Along the way I've written that businesses should consider these criteria as they develop products and procedures. But that's not what I want to write about here.

A week or so ago the East Bay area (San Francisco's East Bay towns, to be specific) was buffeted by especially strong winds. Trees fell and -- this is unusual for urban areas -- we found ourselves without electricity for several hours.

It was mid afternoon, the house was still full of light, and I wondered how I'd spend the time. Ahhh... a great time to practise my fiddle. It so happens I'm working on learning a particularly challenging new song these days -- it's a piece from the Civil War era.

Out came the fiddle case. Resined the bow, checked the strings for tuning and attached the neck-rest. Out came the music and the mini-disc recording I have of my teacher doing the song.

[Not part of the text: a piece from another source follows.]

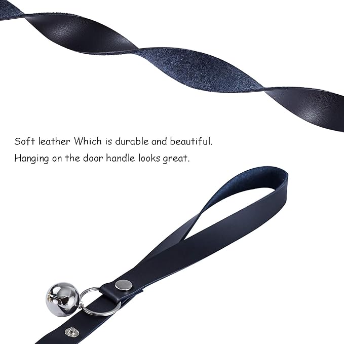 - If you do not want to install a dog door on your own door, this puppy bell will be a good choice, it is easy to use, just hang on the doorknob to start interaction with your puppy. Beautiful leather and bell can also serve as a nice decoration, if hanging the bell on the door handle causes inconvenience, you can buy our hook - B08RY66WD2, stick it in a suitable location to hang the bell.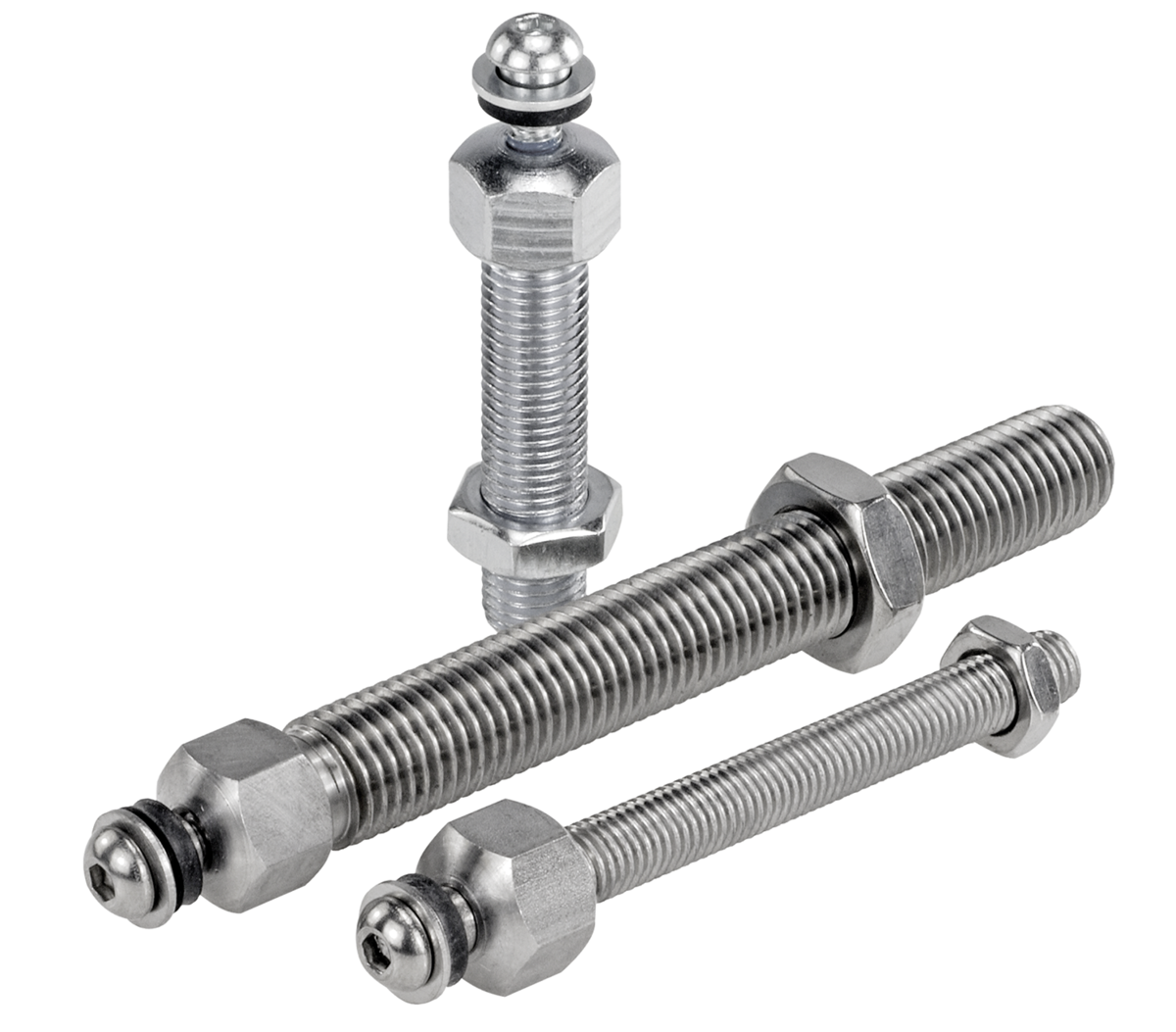Levelling feet consist of a plate and a threaded spindle. Any plate can be combined with any threaded spindle.

And I started bowing. First there was a little riff that gave me trouble. Then it was the slightest suggestion of a vibrato that I wasn't getting. (Vibrato, Wikipedia tells us: " is a musical effect where the pitch or frequency of a note or sound is quickly and repeatedly raised and lowered over a small distance for the duration of that note or sound." Basically, it's the soulful sound we think of in a lot of violin music)

At some point I thought the light was fading from the room and I rounded up some of our candleholders. It somehow seemed appropriate to be playing a violin in the late afternoon in the glow of a handful of candles.

The riff got better, the vibrato part less elusive, and it was on to the next chunk of the song to learn. Each new set of bars was a challenge, and I went over every note, time after time until I nailed them.

And then it was on to trying the whole piece. Slowly at first, and then with a little more speed. And then with more expression.

AND finally, it was on to seeing how it really sounded. Out came the clip-on mike for my mini-disc recorder, and after, oh, a few attempts... truth is... it was half way decent.

I was standing in our dining room - where I'd been standing for my little practice session - listening to the music I'd made. My neck was a little sore, my left hand fingers a little tender, but damn!... it was a great feeling.

And then I looked around.

The house was pitch black. To in the dining room of our house is to stand in a room 20-some feet tall - with a view of three levels of rooms as well as the view up the circular stairs to the bedrooms. I was in a perfectly silent house, a perfectly dark house save the light coming from a pair of thin candles that had burned down to inch long stubs.

And I looked my watch.

I'd been standing in one spot, doing one thing, for almost 5 hours.

Time had stopped. I was as content with myself as I've been in many years.

It was, to use Csikszentmihalyi's term, a perfect case of flow. Less bookishly - it was an *unbelievable* experience.